Activity: Reproduce the listing below from the line with "小熊(Bear)便携式榨汁机家用水果小型充电迷你榨汁杯" to the line with "防水板・防水扉「ミズガード」", both lines included, character for character, minus any pictures.

Study material:
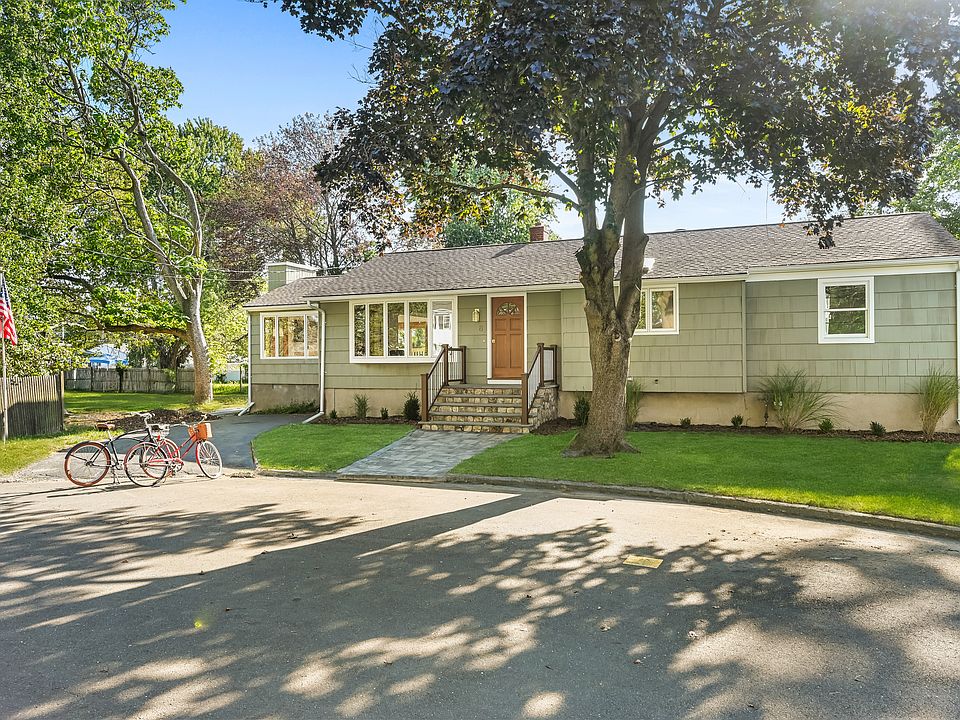 Exquisitely updated ranch-style home situated on a quiet cul-de-sac in the coveted beach area as well as just steps to Fairfield's vibrant downtown and the train station. This inviting, newly renovated home features a wonderful open floor plan and is filled with natural light, enhanced by multiple skylights throughout. Step into the welcoming living room featuring a wood burning fireplace, large bay window, and recessed lighting. This space seamlessly flows into the family room, which boasts vaulted ceilings with wood beams, skylights, a second fireplace, and sliders leading to the fully fenced backyard. The family room opens to a stunning chef's kitchen with stainless steel appliances, quartz countertops, and more skylights. Adjacent to the kitchen is the dining room with a vaulted ceiling and access to the back patio - ideal for indoor-outdoor entertaining. This home offers three bedrooms and two beautifully renovated full baths, including a primary suite with custom closet built-ins. Newly finished hardwood floors and fresh paint extend throughout, creating a bright and cohesive feel. The level, fenced in backyard provides plenty of space for relaxation and gatherings, featuring a large patio perfect for dining or entertaining. Centrally and perfectly located to easily enjoy beaches, shopping, restaurants, train, library, schools and more. Move in and begin enjoying one-level living and this incredible lifestyle!
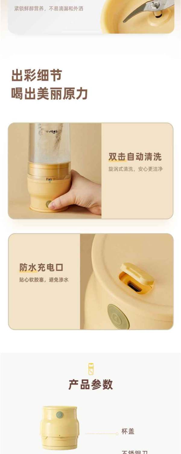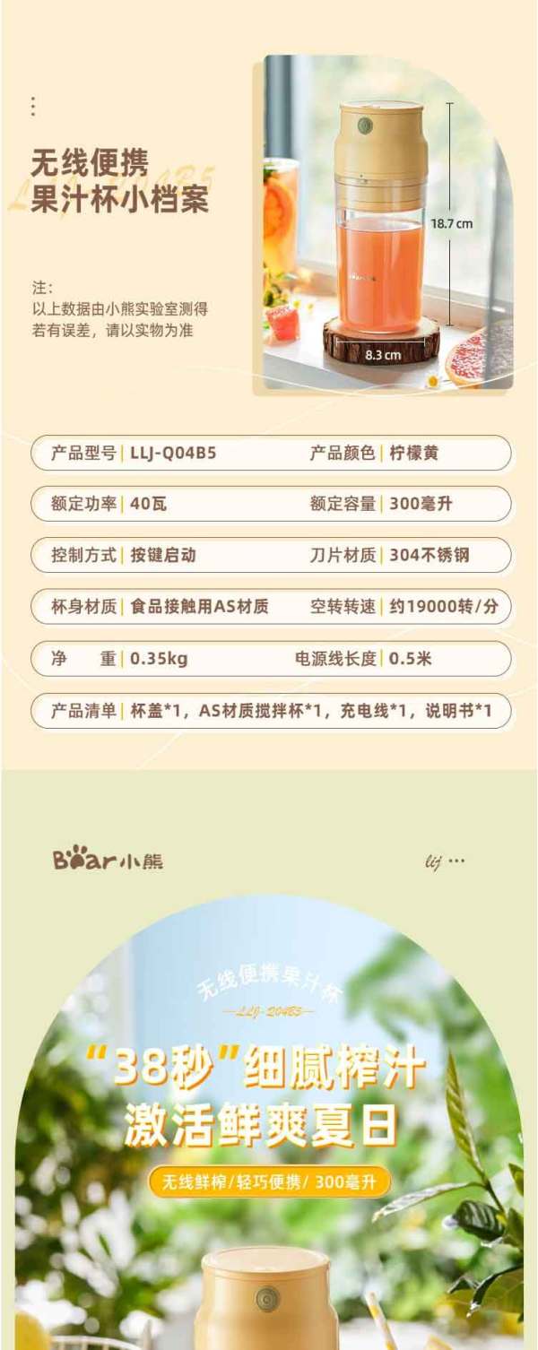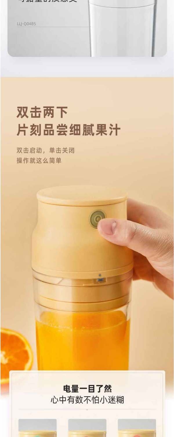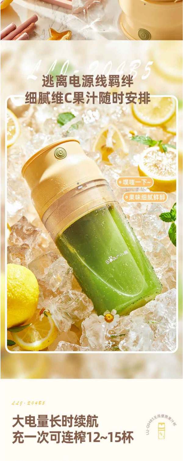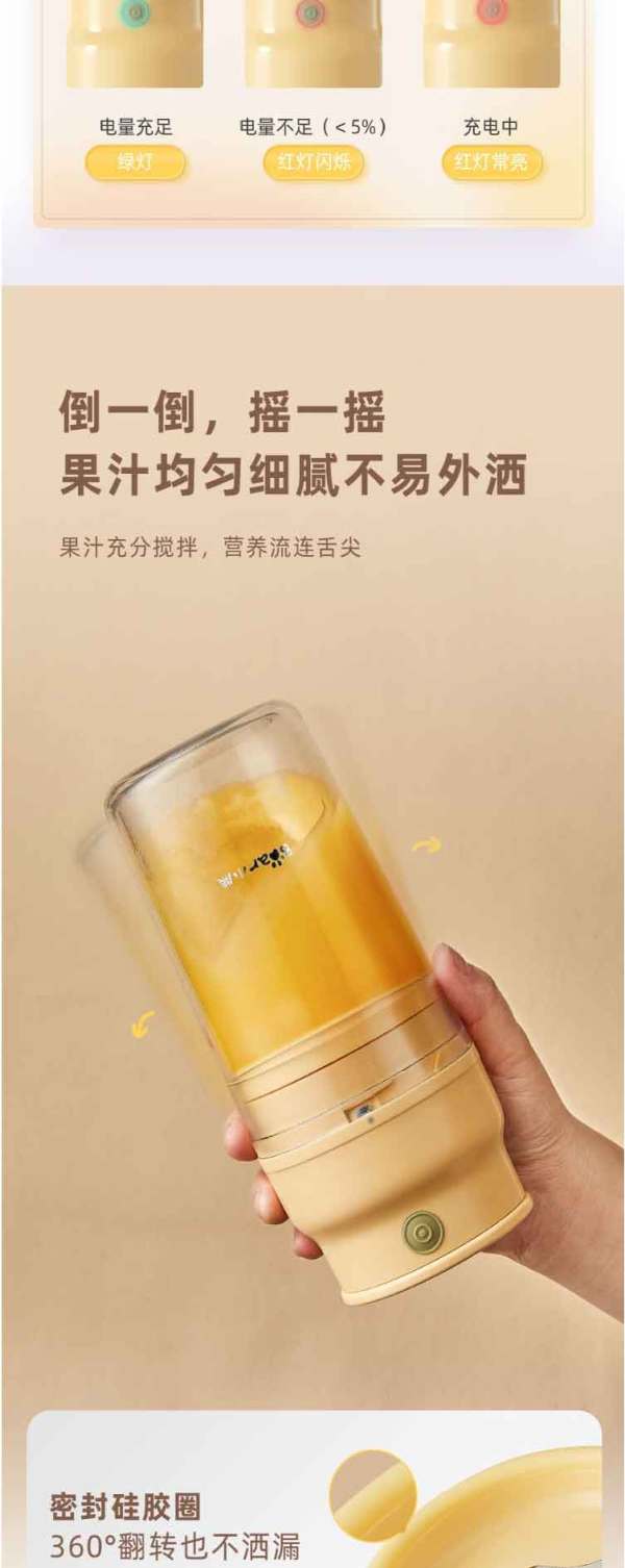小熊(Bear)便携式榨汁机家用水果小型充电迷你榨汁杯
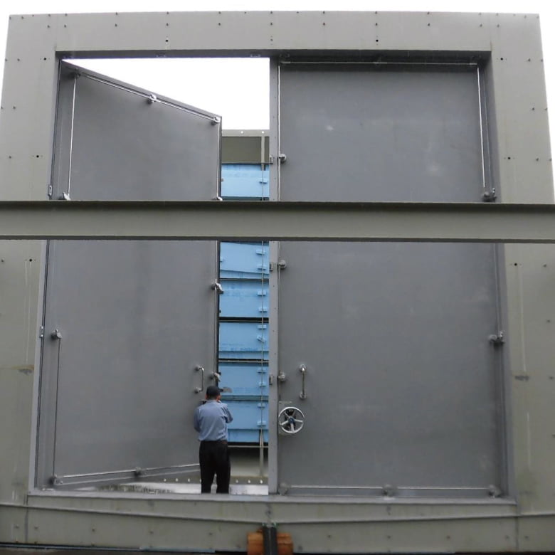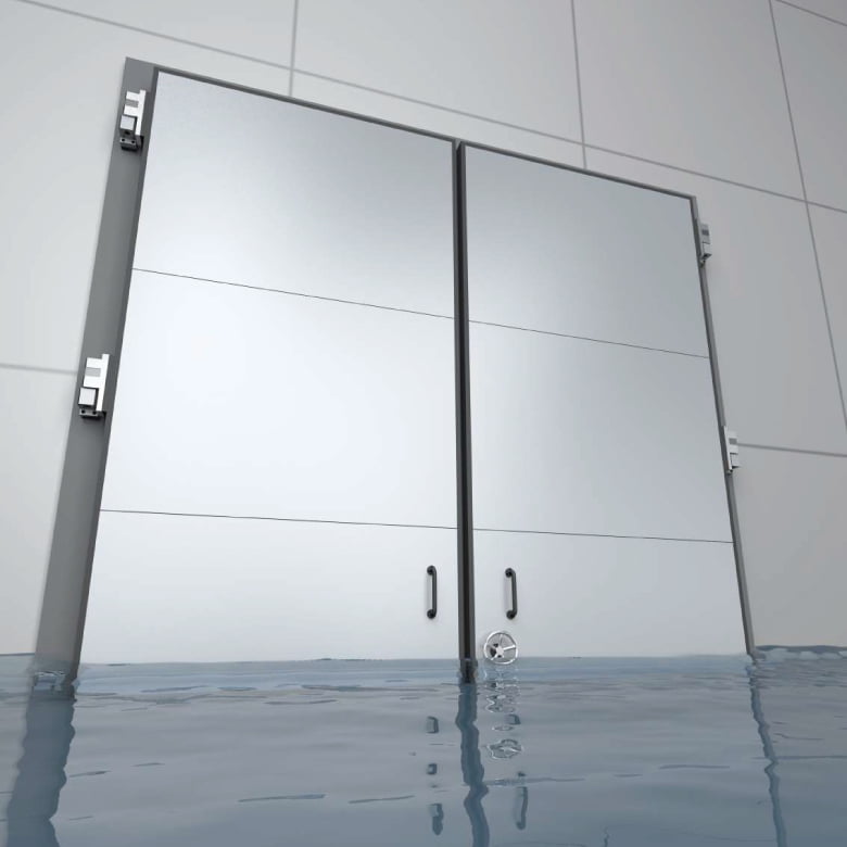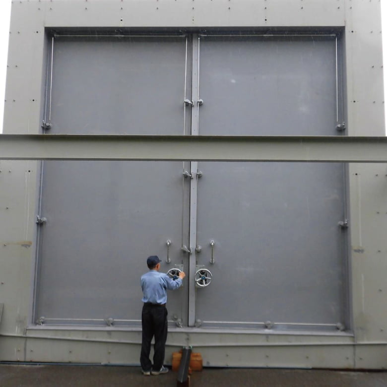 防水板・防水扉「ミズガード」シリーズを製造販売している豊和工業株式会社では、さらなるお客様のご要望に対応すべく、「スイング式大型防水扉」を新たにラインアップ。既に販売を行っている、スイング式防水扉(止水高さ3m)に加え、止水高さ5mに適応可能な大型防水扉です。
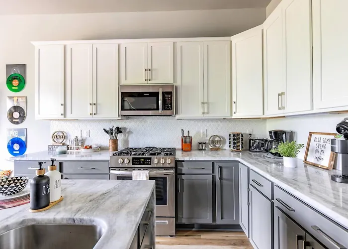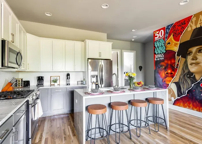 East NashvilleThe 8-bedroom The Camellia & The Bluestem - Two Four Bedroom Homes Nashville is located about a 25-minute walk from the modern George Jones Museum and invites guests to enjoy a patio.View details+More detailsCheck rates - Stylish East Nash Townhouse, Walk To Favorite Eats, Cozy Den, Workspace, Smart Tvs And Fast Wifi, Full Kitchen, Garage And 24 Hr Hospitality, Near Mas Tacos, Rosepepper And Five Points, 10 Min To Broadway
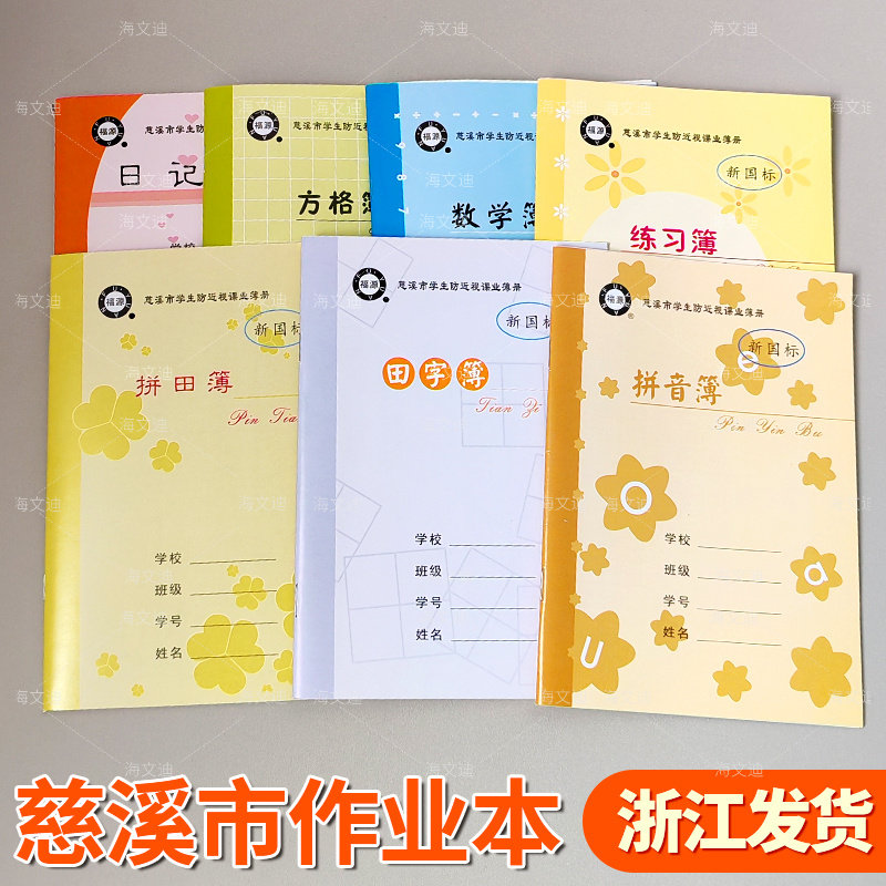 宁波慈溪市学生防近视课业簿册加厚作业本拼音拼田田字格方格簿小数学横线描数练习簿日记外语簿语文大作文簿

Solution for this exercise:
小熊(Bear)便携式榨汁机家用水果小型充电迷你榨汁杯
 防水板・防水扉「ミズガード」シリーズを製造販売している豊和工業株式会社では、さらなるお客様のご要望に対応すべく、「スイング式大型防水扉」を新たにラインアップ。既に販売を行っている、スイング式防水扉(止水高さ3m)に加え、止水高さ5mに適応可能な大型防水扉です。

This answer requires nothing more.